7.) The exact same Host/IP (e.g.: www.abcdefg.com; ###.###.###.###) has never been to the site before, neither does it return.
8.) The Hosts/IPs are U.S.-based and big (telecoms, cablecos, governmental agencies), but not search entities per se.
9.) There are no referers for the initial file requests.
Conclusions/Confusions --
- The 'visitors' are not real people in real time. It's a bot/crawler/whatever. But...
- Original source/creator =?
- Commonality amongst visitors =?
- Commonality amongst sites visited =?
- Commonality amongst platforms visited =?
- Yahoo and/or Viewpoint et al SERPs-connected?
Searching Viewpoint [search.viewpoint.com] for typically long-URL'd blogspot.com-related pages [search.viewpoint.com] (mods: link goes to SERPs not blogs) shows correct links URLs (in blue) AND their truncated, unlinked URLs (in green). Thus could a bot/whatever be scraping an engine's SERPs?
Well, that's all I know. And don't:)
Got data?
If you're seeing #1-3 ALL the time AND #4-9 ALMOST all the time, feel free to chime in with your specifics and observations! If you're seeing absolutely anything else, please start a new thread in this forum, thanks!
I've already solved this problem as it pertains to my sites, so don't have a worry.
"Got data?
If you're seeing #1-3 ALL the time AND #4-9 ALMOST all the time, feel free to chime in with your specifics and observations! If you're seeing absolutely anything else, please start a new thread in this forum, thanks!"
Sorry to post on YOUR thread, but until you become a moderator I'll post where I think it's appropriate, thanks!
vortech
Such as this:
"GET /reallylongpage ... withellipsis.html"
I'm also seeing Google Media Bot bombing out on pages with SGML/HML errors so I'm wondering why the media bot is requesting things like this:
"GET /mypage.html%3Fpage%3D5" "Mediapartners-Google/2.1"
Are they getting the bad page formatted data from somewhere other than my site?
Very odd.
%3E%3Cimg%20src=
-- after the .html, a tip off to me that someone's got my stuff on their site. Never been able to find out who-what-where. At least not yet.
The truncated URL-seekers never ask for any file names other than too-short ones. Nothing's ever added, just lopped off.
Noteworthy, and a bit unsettling, is how many others are encountering the truncated URL thing elsewhere. A quick G for "truncated URLs [google.com]" resulted in a couple of representative threads from other sites, both circa April when we first started talking about this, too:
Truncated SEO Friendly URLs? [forums.oscommerce.com]
Yahoo created 404's (truncated URL's) [html.com]
The truncated URL-seekers never ask for any file names other than too-short ones. Nothing's ever added, just lopped off.
That's all I've seen here... nothing added, just the 'correct' URL snipped a few characters or so.
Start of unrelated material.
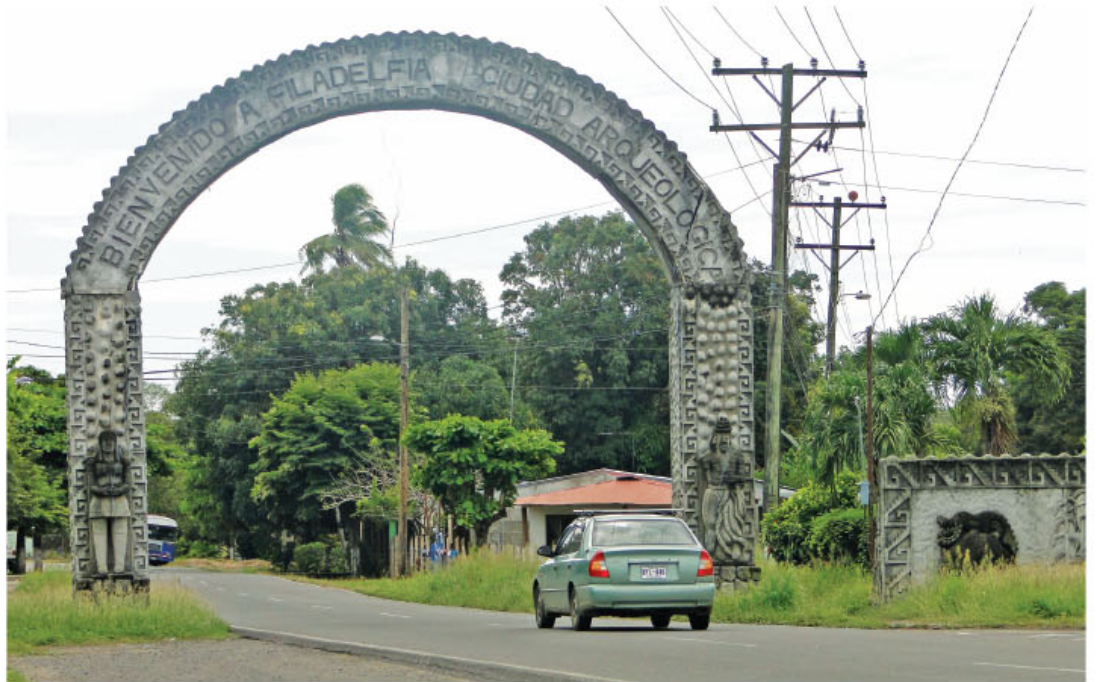
En una de las entradas del cantón se observa como se identifica como ciudad arqueológica.

En la actualidad, Carrillo carece de espacios para recuperar y exponer las piezas halladas en esa época, por lo que la mayoría fueron reubicadas a diferentes museos del casco central.

IP is a company in Trenton, Ontario, not seen in the site previously and with no referrer. One page was first requested successfully, complete with all graphics and stylesheet - URL is less than 40/47 characters. Next it attempted to get a truncated URL exactly 40/47 characters long. There is a link to that page on the first requested one, but I checked, and that link is complete and exactly as it should be. There was no referrer shown for the second page request either.
The interesting thing is, that when it received the 404 for the truncated request, there were no concurrent 304s for the stylesheet or sitewide graphics that are used on our people-friendly 404 page. It just vanished.
UA: Mozilla/4.0 (compatible; MSIE 6.0; Windows NT 5.1)
I found the source of my Google Mediabot funky file names!
This search engine is causing the problem:
[tiscali.co.uk...]
I found referrals from them every time there was a mediabot 404 issue.
Someone clicks the listing that looks like this:
[mydomain.com...]
The browser doesn't fix up the path and sends it along "as-is" and VOILA! the mediabot indexes the same page name in real time. Now that I know exactly what is causing this problem and the scope of the bug I can even translate the botched path and redirect it to the proper location.
At least one of these 404 issues is behind me so now I have to write to them and tell them their search engine is busted.
... but what's this finding have to do with truncated page requests?
(which is what I thought this thread was about)
One down, one to go...
If you can solve the other one... I'll give you a gold star ;)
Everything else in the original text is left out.